Start of Block

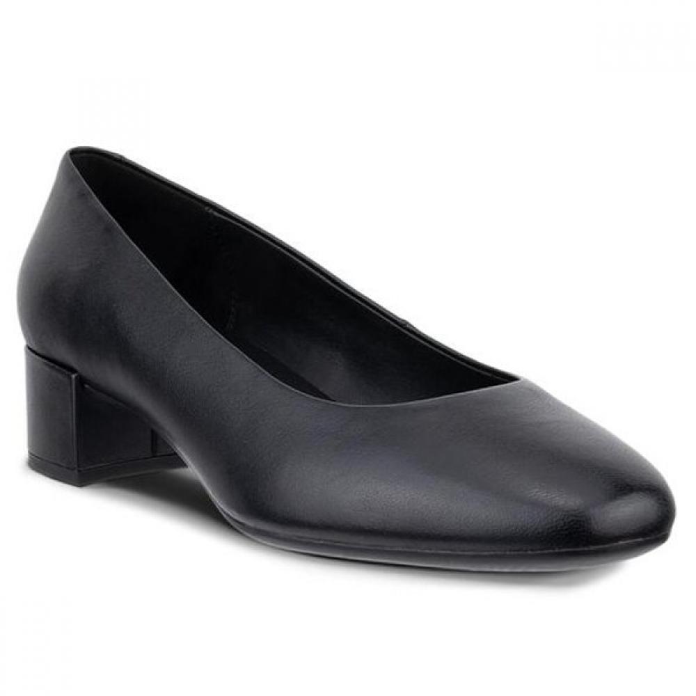 The Ecco Riva 35 250603-01001 is a classic pump made from premium ECCO leather, with leather lining that comfortably wraps around the foot all day long, providing a soft wearing experience. The padded removable leather inlay sole boasts a soft and luxurious feel, while the 35mm high block heel completes a chic style. The flexible rubber outsole offers excellent durability and traction.
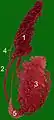 ![]() Vertical section of the testis, to show the arrangement of the ducts (internal spermatic artery labeled vertically at center) | |
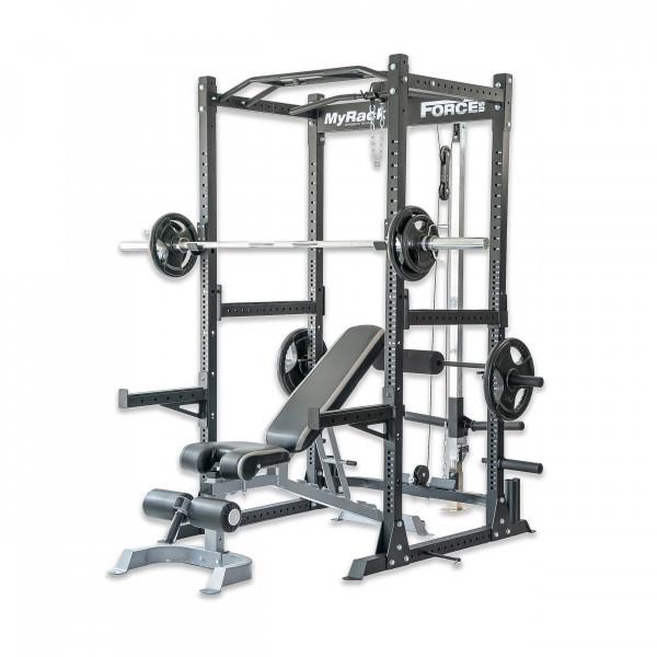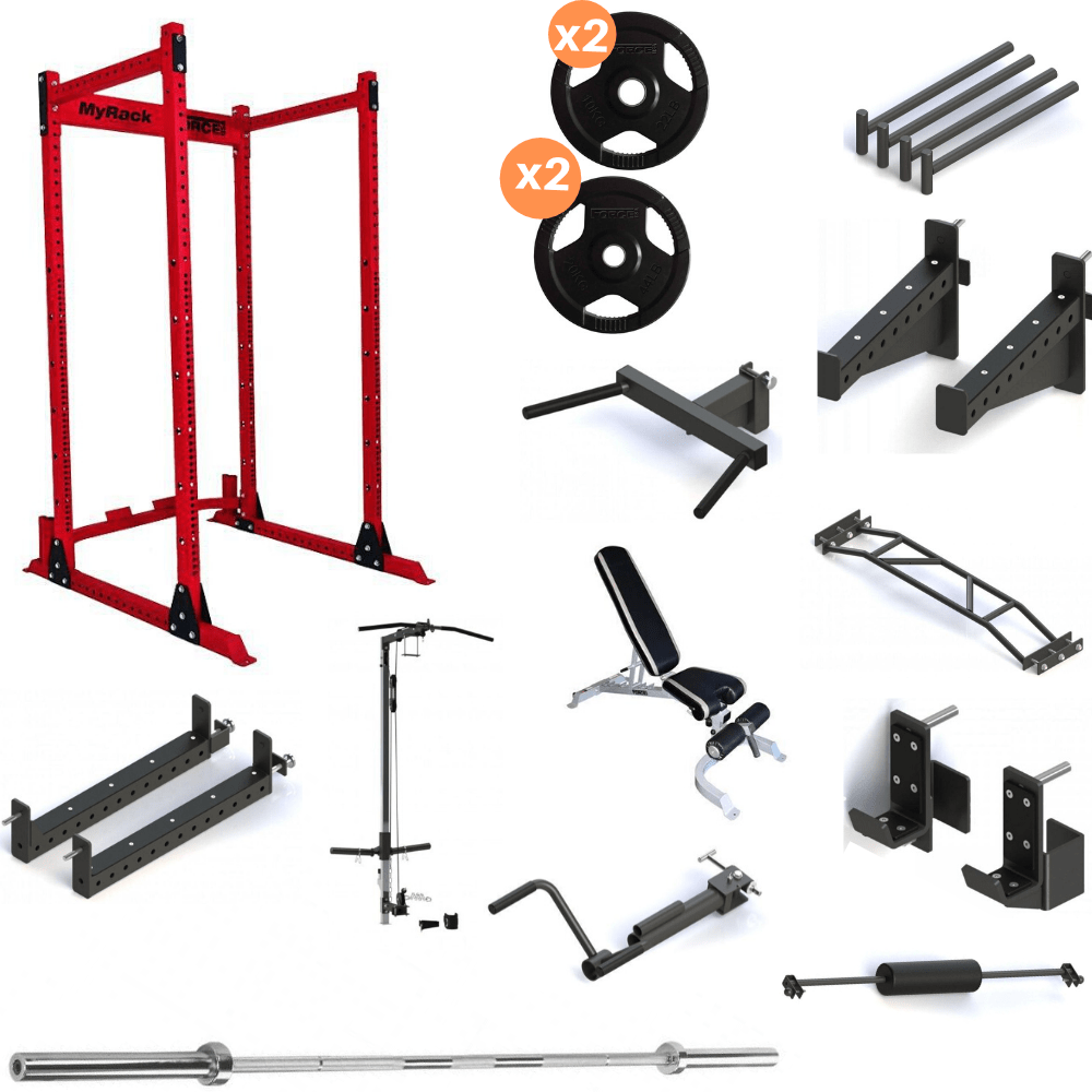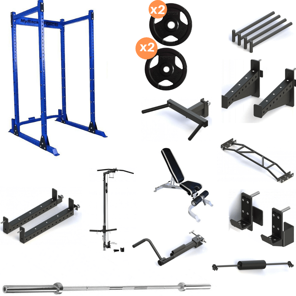 This Package includes the Force USA's MyRack Base unit coupled with a bunch of additional items that would broaden the exercise options of the user and their safety as well. It also includes an Olympic grade barbell along with its weights to enable further strength training.
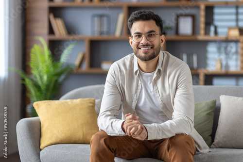 Smiling man sitting comfortably on sofa in modern living room interior with cozy and elegant decor
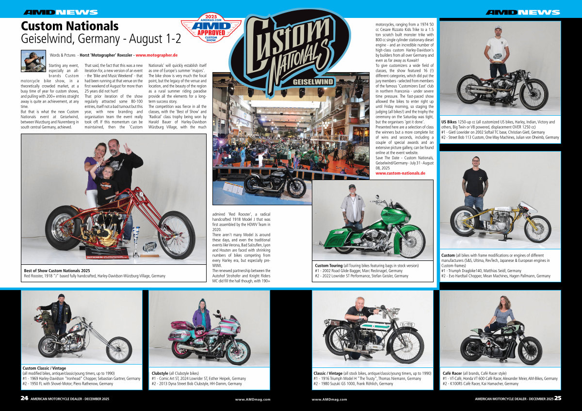 motorcycles, ranging from a 1974 50 cc Cesare Rizzato Kids Trike to a 1.5 ton scratch built monster trike with 800 cc single cylinder stationary diesel engine- and an incredible number of high-class custom Harley-Davidson ' s by builders from all over Germany and even as far away as Kuwait! To give customizers a wide field of classes, the show featured 16(!) different categories, which did put the jury members- selected from members of the famous ' Customizers East ' club in northern Franconia- under severe time pressure. The fast-paced show allowed the bikes to enter right up until Friday morning, so staging the judging( all bikes!) and the trophy the ceremony on the Saturday was tight, but the organisers ' got it done '. Presented here are a selection of class the winners but a more complete list of wins and seconds, including a couple of special awards and an extensive picture gallery, can be found online at the event website. Save The Date- Custom Nationals, Geiselwind / Germany- July 31- August 08, 2025 www. custom-nationals. de
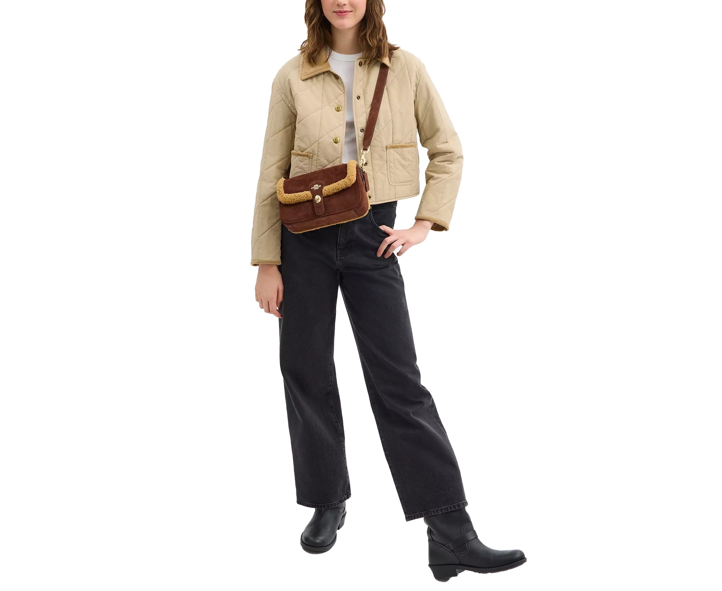 Sıcak dokusu ve sofistike tasarımıyla öne çıkan bu süet ve shearling omuz çantası, kış sezonu stiline lüks bir dokunuş katar. Süet yüzeyin zarif görünümü ile shearling detayların yumuşak ve sıcak hissi bir araya gelerek hem şık hem de konforlu bir kullanım sunar.
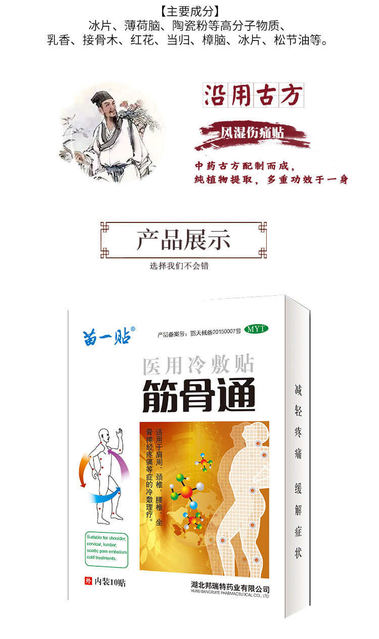 厂家直供缓解颈部腰腿部手膝关节颈椎筋骨肩周疼痛苗一贴医用冷敷
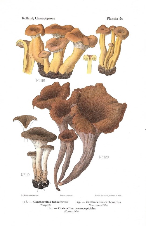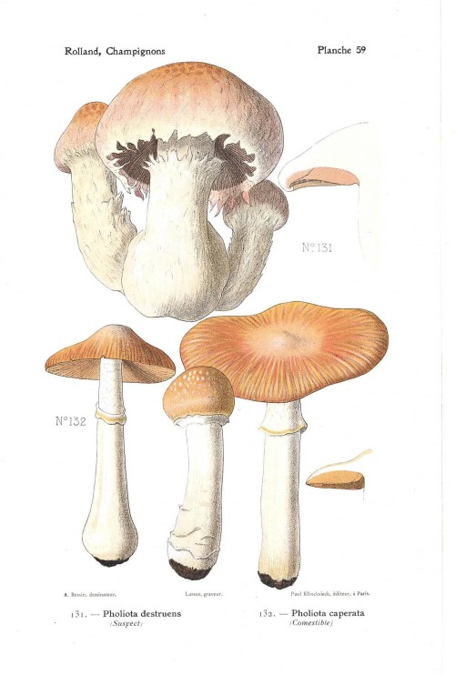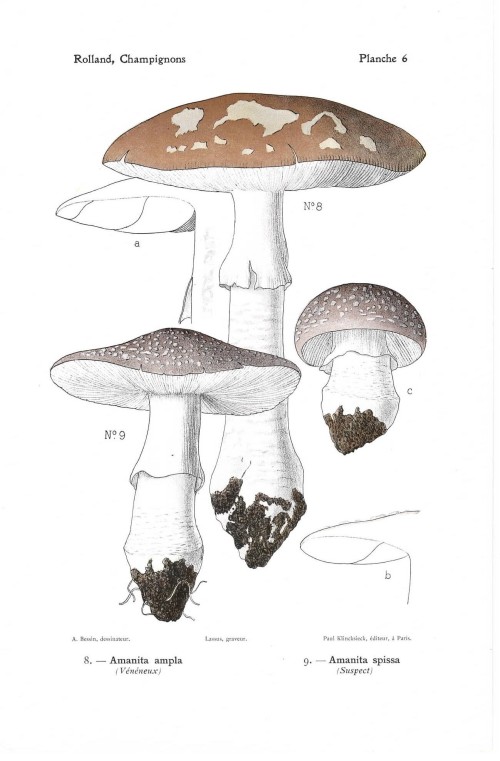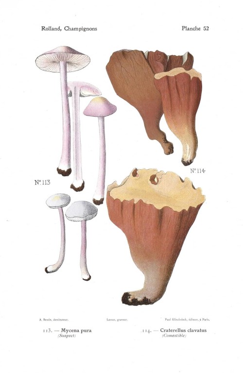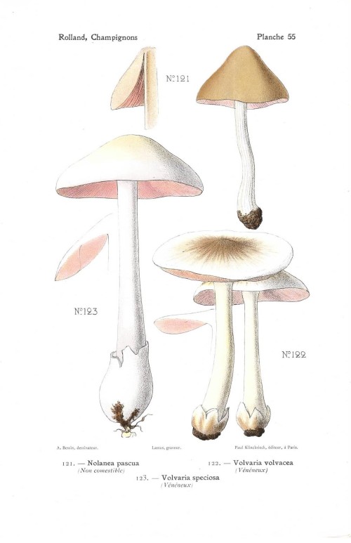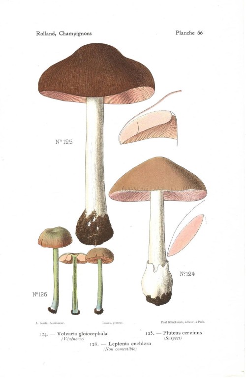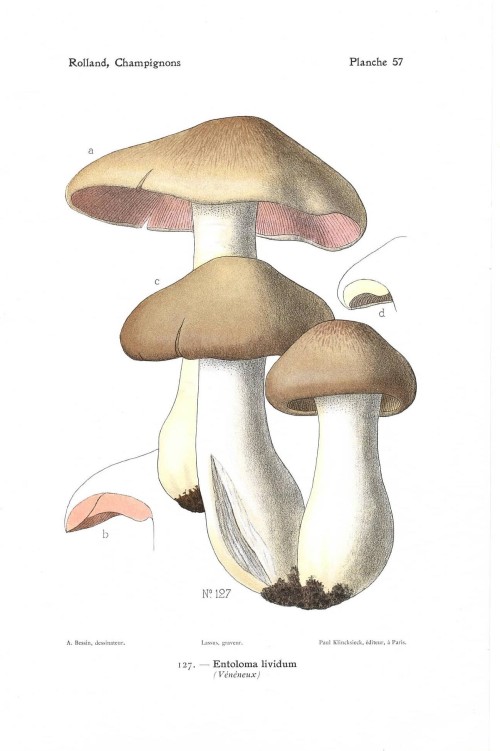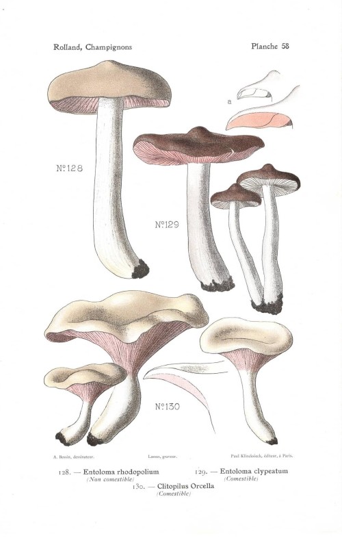 Stampa antica con funghi della specie indicata nel titolo, Entoloma lividum, accanto al quale vi è anche l'indicazione se si tratta di fungo commestibile, velenoso o sospetto. |

End of Block

### What you have to do
Would you output only the span of the records above that opens with the line containing "center) | |" and closes with the line containing "This Package includes", ends included and pictures dropped?

### Expected output
 ![]() Vertical section of the testis, to show the arrangement of the ducts (internal spermatic artery labeled vertically at center) | |
 This Package includes the Force USA's MyRack Base unit coupled with a bunch of additional items that would broaden the exercise options of the user and their safety as well. It also includes an Olympic grade barbell along with its weights to enable further strength training.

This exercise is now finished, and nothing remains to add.